Background: Basophils are an active participant in the pathogenesis of local inflammation in allergic diseases such as asthma, but it is not fully known how basophil activation is regulated in inflamed tissue.

Objective: In order to clarify the control mechanisms of basophil activation in chronic inflammation and at remodeling sites, we analyzed the effects of fi broblast-derived cytokines, stem cell factor (SCF), and insulinlike growth factor-I (IGF-I) on basophils.
Methods: The effects of SCF and IGF-I on degranulation and surface activation marker expression by basophils were assessed and compared.

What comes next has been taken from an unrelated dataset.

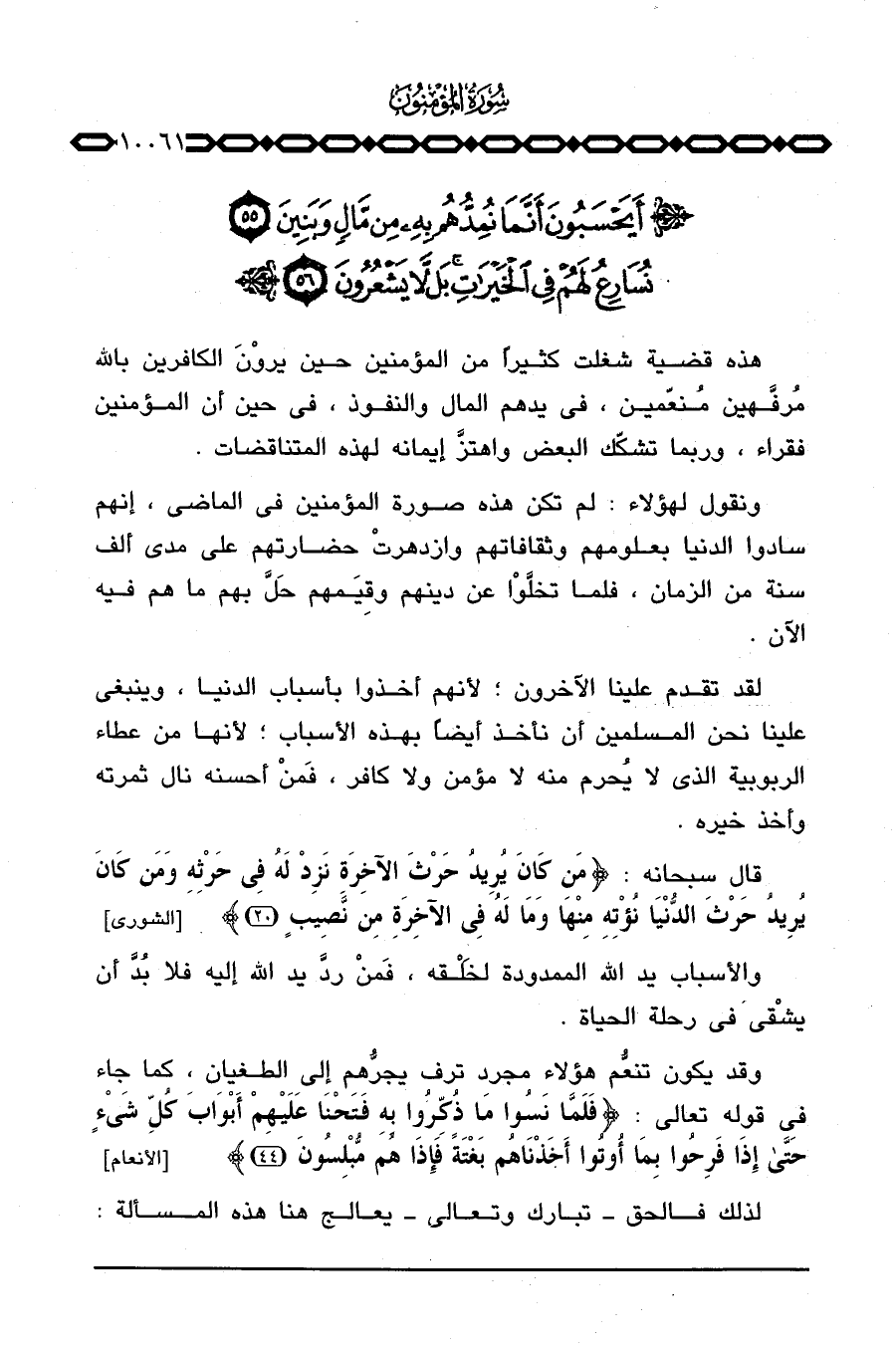 {أَيَحْسَبُونَ أَنَّمَا نُمِدُّهُمْ بِهِ مِن مَّالٍ وَبَنِينَ نُسَارِعُ لَهُمْ. .} .

Results: SCF enhanced human basophil histamine release elicited by some, but not all, secretagogues; degranulation in response to IgE- or FcεRI-mediated stimulation and 12-o-tetradecanoyl-phorbol-13-acetate (TPA) was enhanced by SCF. SCF slightly enhanced ionophore A23187-induced histamine release by basophils from some donors, but it failed to affect the release elicited by monocyte chemoattractant protein-1 (MCP-1), formylmethionyl-leucyl-phenylalanine (FMLP) or C5a. The repertoire of secretagogues responsive to SCF was similar to that of IGF-I. Expression levels of both CD11b and CD69 markers were significantly enhanced by the combination of SCF and IGF-I.

Conclusions: These results suggest that SCF and IGF-I may modify the activation of basophils in a similar and/or synergistic fashion. Interaction of basophils with these cytokines might be involved in the pathogenesis of local inflammation and the remodeling process in asthma.

Key words: Basophils. Insulin-like growth factor. Stem cell factor.